ABSTRACT
Gastric extranodal NK/T-cell lymphoma (ENKTL) is a rare presentation of a rare disease. We report a 33-year-old woman presenting with epigastric pain, nausea, and vomiting. Endoscopic examination revealed gastric and duodenal ulceration. Biopsy of the ulcers revealed ENKTL. The patient began treatment, but developed hemorrhagic shock from her ulcers and died. Gastric ENKTL is a rare disease that presents with gastric ulceration. It has a high rate of mortality, and treatment is challenging because of its aggressive nature and lack of high-quality data to guide therapy.

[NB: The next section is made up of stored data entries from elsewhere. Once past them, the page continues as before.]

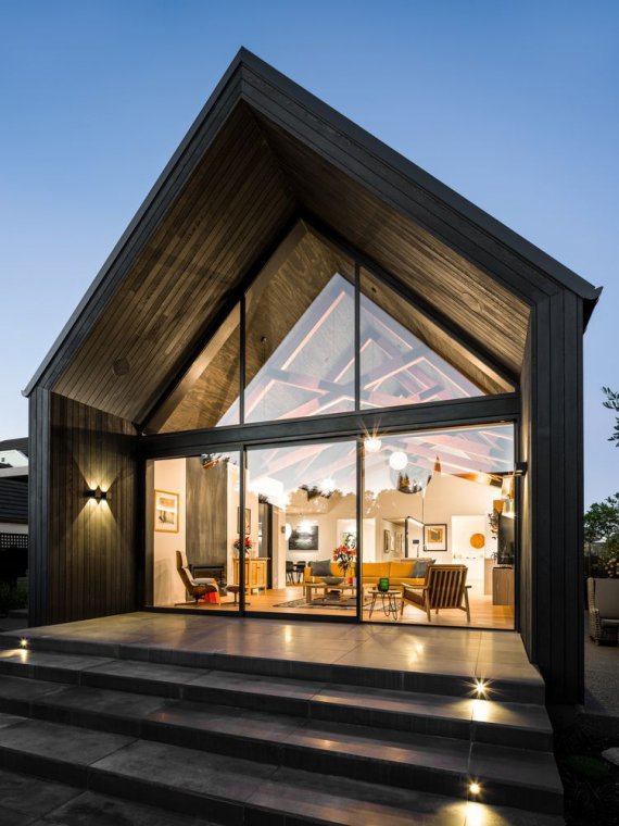Проте класичний двосхилий дах і чорне облицювання робить його стильним. У нього також є великі вікна, які ще більше подовжують будівлю.
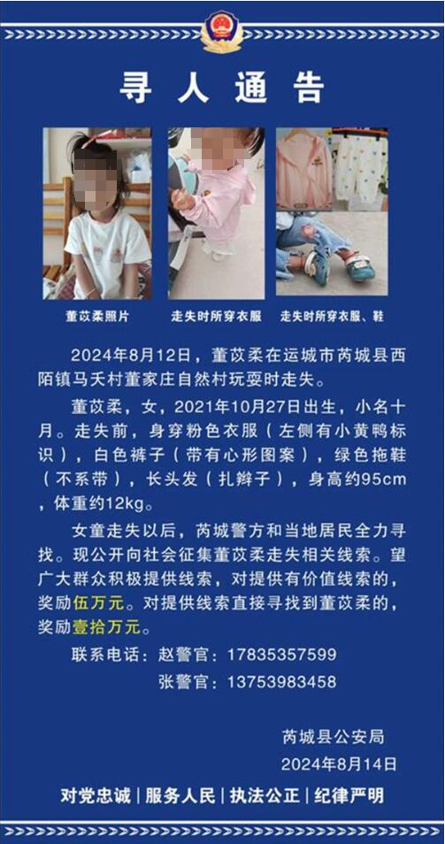 8月14日,芮城县公安局发布寻人通告。通告显示,董苡柔,女,2021年10月27日出生,小名十月。走失前,身穿粉色衣服(左侧有小黄鸭标识),白色裤子(带有心形图案),绿色拖鞋(不系带),长头发(扎辫子),身高约95cm,体重约12kg。警方公开向社会征集董苡柔走失相关线索。望广大群众积极提供线索,对提供有价值线索的,奖励五万元。对提供线索直接寻找到董苡柔的,奖励十万元。
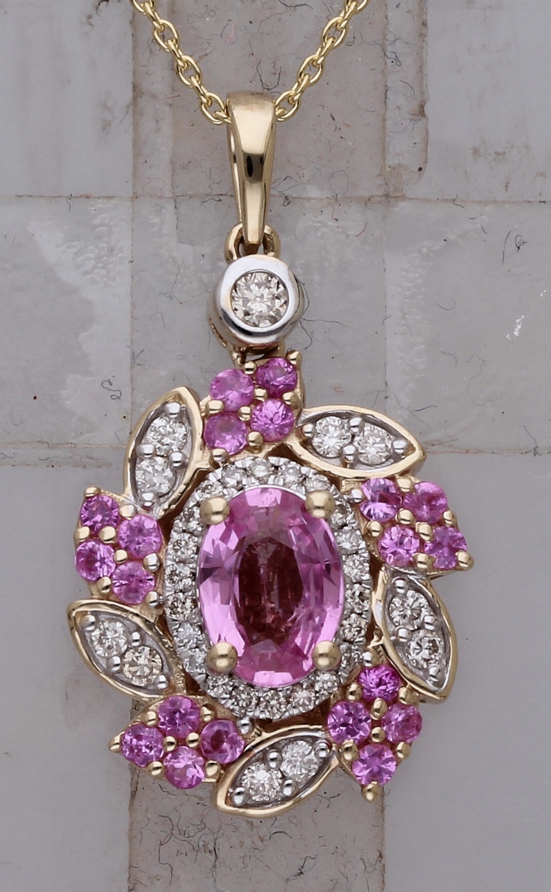 14K YELLOW GOLD MULTI SAPPHIRE WITH WHITE DIAMOND FASHION PENDNAT
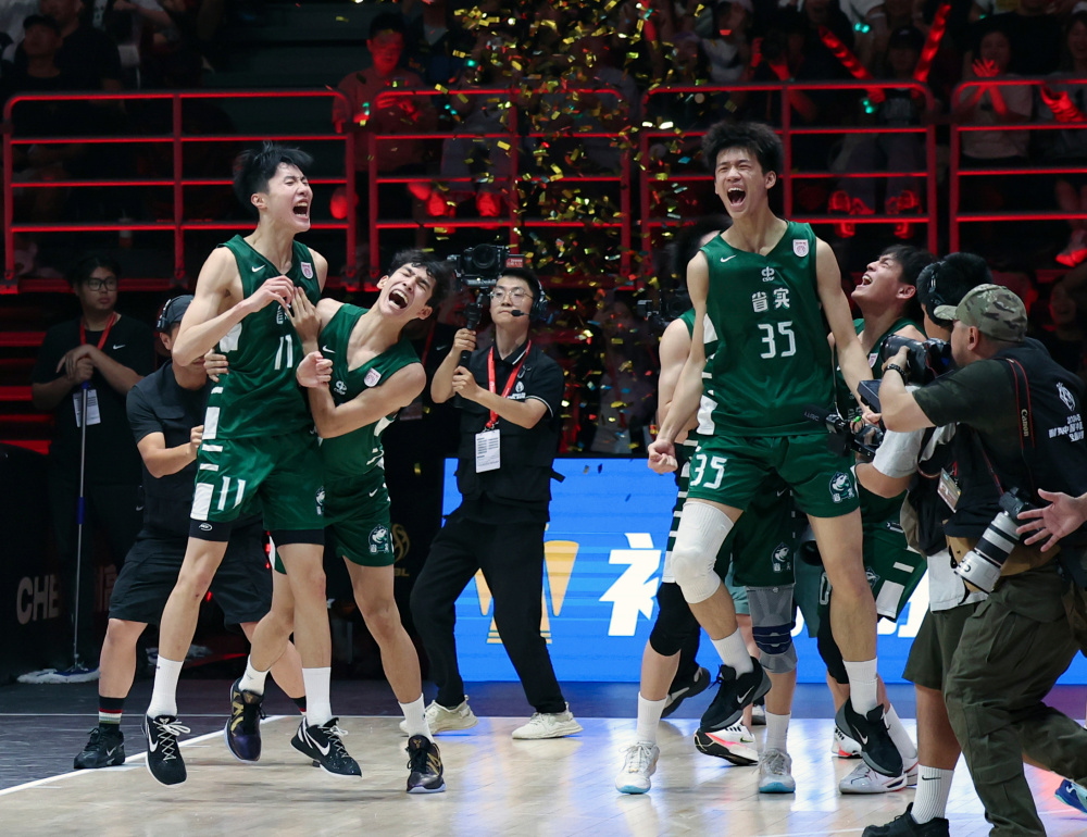 5月25日,广东实验中学队球员庆祝夺冠。新华社记者 雒圆 摄
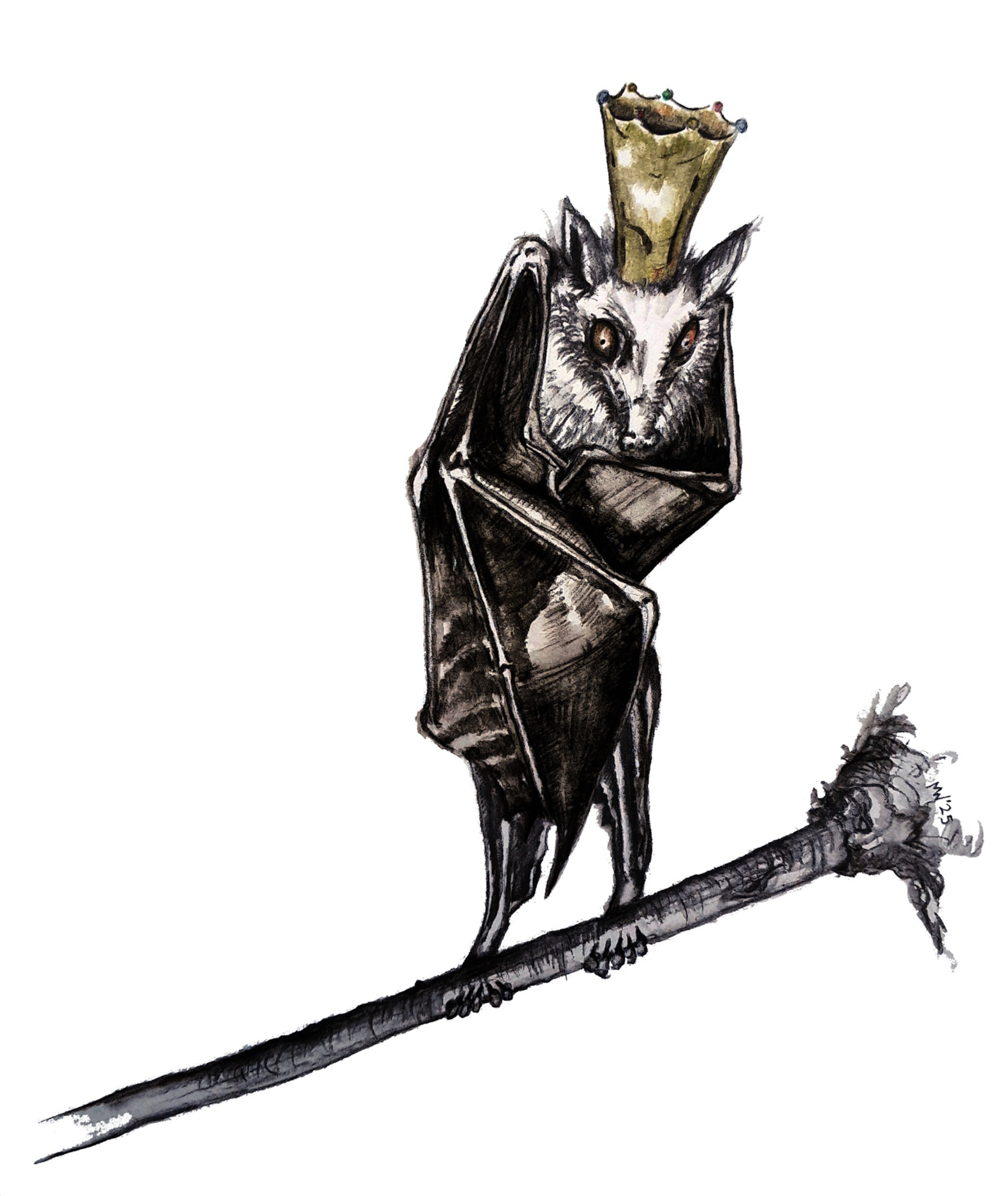 Koning Nacht: de vleermuis. De wereld op haar kop? Aquarelpotloden en water op 300 grams aquarelpapier.
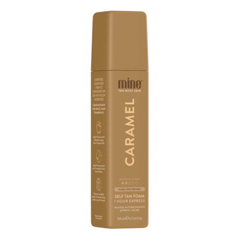Samoopalovací pěna Caramel přináší přirozený zlatavý tón pleti, ideální pro světlou až střední pleť. Díky unikátní Quad-bronzer technologii se vyhnete oranžovým podtónům a dosáhnete rovnoměrného opálení bez šmouh. Obsahuje dihydroxyacetone (DHA) pro dlouhotrvající efekt a přírodní karamelové pigmenty, které okamžitě zkrášlí vaši pleť. Bohatá směs olejů, včetně arganového a jojobového, zajišťuje hydrataci a ochranu, zatímco okurkový extrakt pleť osvěžuje. Aplikace je snadná a příjemná díky jemné vůni. Výsledek se vyvíjí během 24 hodin a vydrží 7–14 dní.
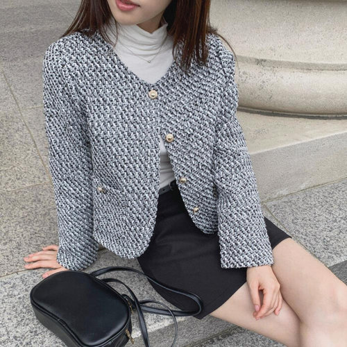 옷자락 / 여자 오피스룩 금장단추 노카라 트위드 긴팔 자켓

KEYWORDS: lymphoma, ulcer, GI bleed, cancer
INTRODUCTION
Extranodal NK/T-cell lymphoma (ENKTL) is a rare and aggressive form of non-Hodgkin lymphoma that is rarely seen in Western centers.1 Most cases are reported from Asia and South America.2 ENKTL accounts for 5%–18% of all cases of non-Hodgkin lymphoma and is categorized as nasal or extranasal.3 The nasal type accounts for 80% of all ENKTLs and involves the upper aerodigestive tract including the nasal cavity. Extranasal ENKTL accounts for the remaining 20% of ENKTL cases and can involve the gastrointestinal tract, skin, or genitalia.3 Orbit involvement is exceedingly rare, with only a few reported cases.3 Gastrointestinal tract involvement has been reported in approximately 6% of ENKTLs, and most cases involve the small and large intestines, with stomach involvement accounting for less than 5% of all gastrointestinal ENKTLs.4 We present a case of a 33-year-old woman with fatal gastrointestinal bleeding from gastric ENKTL with concomitant orbital involvement.
CASE REPORT
A 33-year-old Indigenous woman was admitted to a tertiary hospital with a 3-week history of intermittent epigastric pain, nausea and vomiting, and painful swelling in her left eye. She endorsed 10 kg weight loss over the past year but denied other constitutional symptoms.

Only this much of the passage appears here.